In fact, he really wasn’t any more. The blasphemous vulgarity was almost reflexive. Sometimes he said things, and wasn’t even aware he was speak­ing aloud, when a technical challenge engaged him entirely. At the moment, he was obsessed, in spite of himself, with the problem of how to make the torch of Heladikos gleam red when he had nothing that was red with which to work. If he’d had some gold he could have sand­wiched the glass against a gold backing and warmed the hue that way, but gold for mosaic was a fatuous dream here in Batiara after the wars and the plague.

He’d had an idea, however. Up on the high scaffold, Caius Crispus of Varena was setting reddish-veined marble from Pezzelana flat into the soft, sticky lime coat on the dome, interspersed with the best of the tesserae they’d managed to salvage from the miserable sheets of glass. The glass pieces he laid at angles in the setting bed, to catch and reflect the light.

If he was right, the effect would be a shimmer and dance along the tall shape of the flame, the flat stones mingled with the tilted, glinting tesserae. Seen from below, it ought to have that result in sunlight through the win­dows around the base of the dome, or by the light of the wall candles and the suspended iron lanterns running the length of the sanctuary. The young queen had assured Martinian that her bequest to the clerics here would ensure evening and winter lighting. Crispin had no reason to disbelieve it was her father’s tomb, and the Antae had had a cult of ancestor-worship, only thinly masked by their conversion to the Jaddite faith.

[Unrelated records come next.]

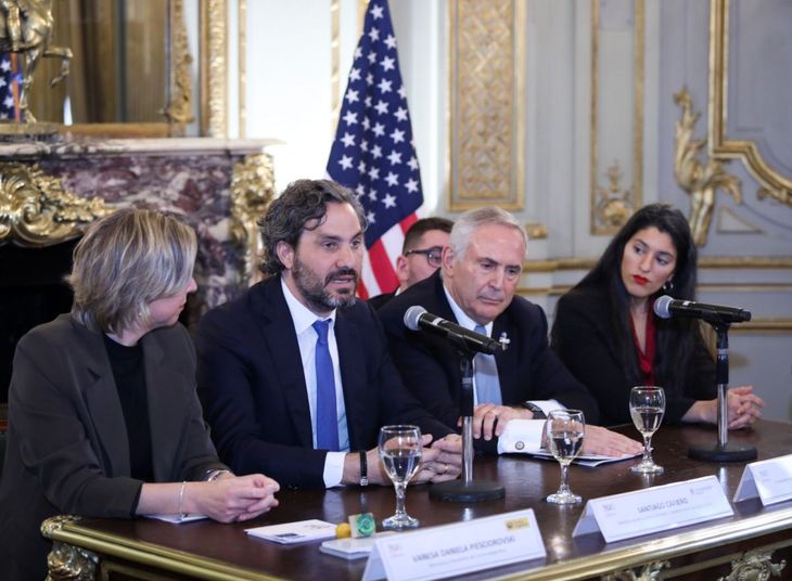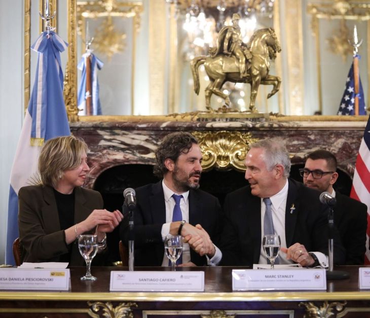 El canciller Santiago Cafiero encabezó este miércoles en el Palacio San Martín el lanzamiento del sello postal que conmemora los 200 años de relaciones diplomáticas entre la Argentina y Estados Unidos, en un acto donde estuvo acompañado por el embajador Marc Stanley y la titular del Correo Argentino, Vanesa Piesciorovski.
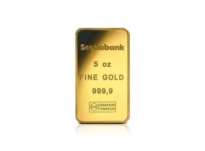 - Add this 5 oz Gold Scotiabank Bar 99.99% to your investment portfolio today!
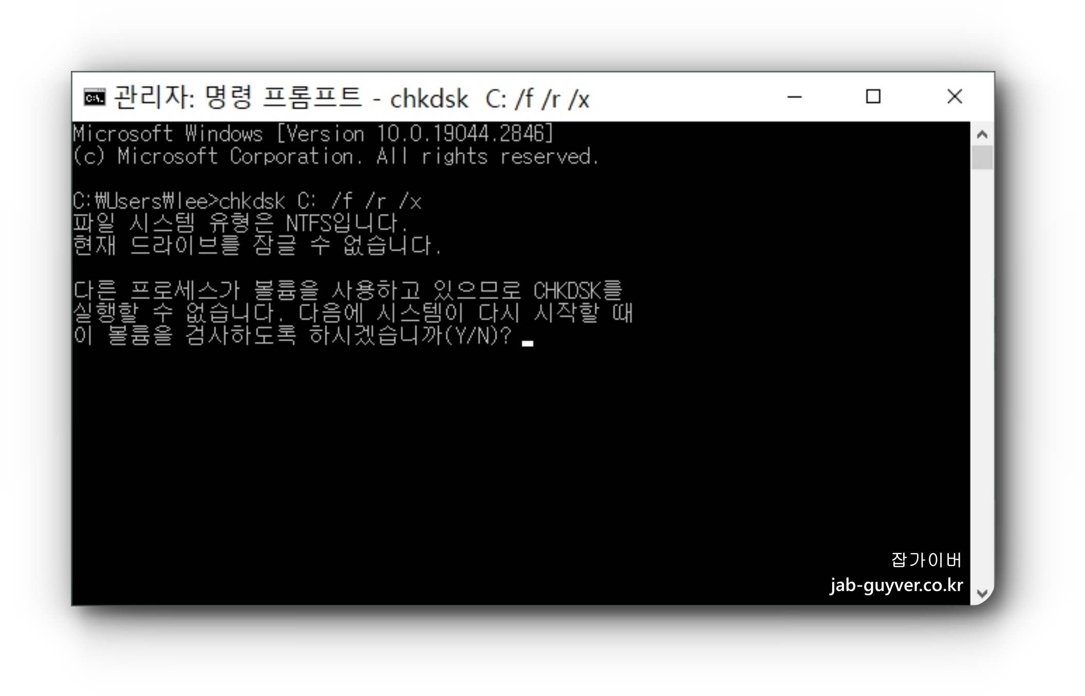 | 위 명령어는 C 드라이브를 대상으로 디스크 검사를 실행하며, 검사 중에 문제가 발견되면 자동으로 복구합니다. |
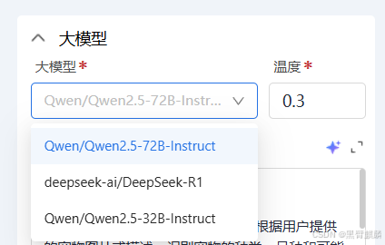 再大模型栏中,集成千问大模型和deepseek-R1,温度是来控制我们的回答的拟人口吻和严谨性。

He had a cloth knotted around the cut in his left hand, and that made him awkward. He dropped a good stone, watched it fall a long way and swore again, reaching for another one. The setting bed was beginning to harden beneath the flame and torch he was filling in. He would have to work faster. The torch was silver. They were using whitish marble and some river-smooth stones for that-it ought to work. He’d heard that in the east they had a way of frosting glass to make an almost pure white tessera like snow, and that mother-of-pearl was available, for crowns and jewellery. He didn’t even like thinking about such things. It only frustrated him, here in the west amid ruins.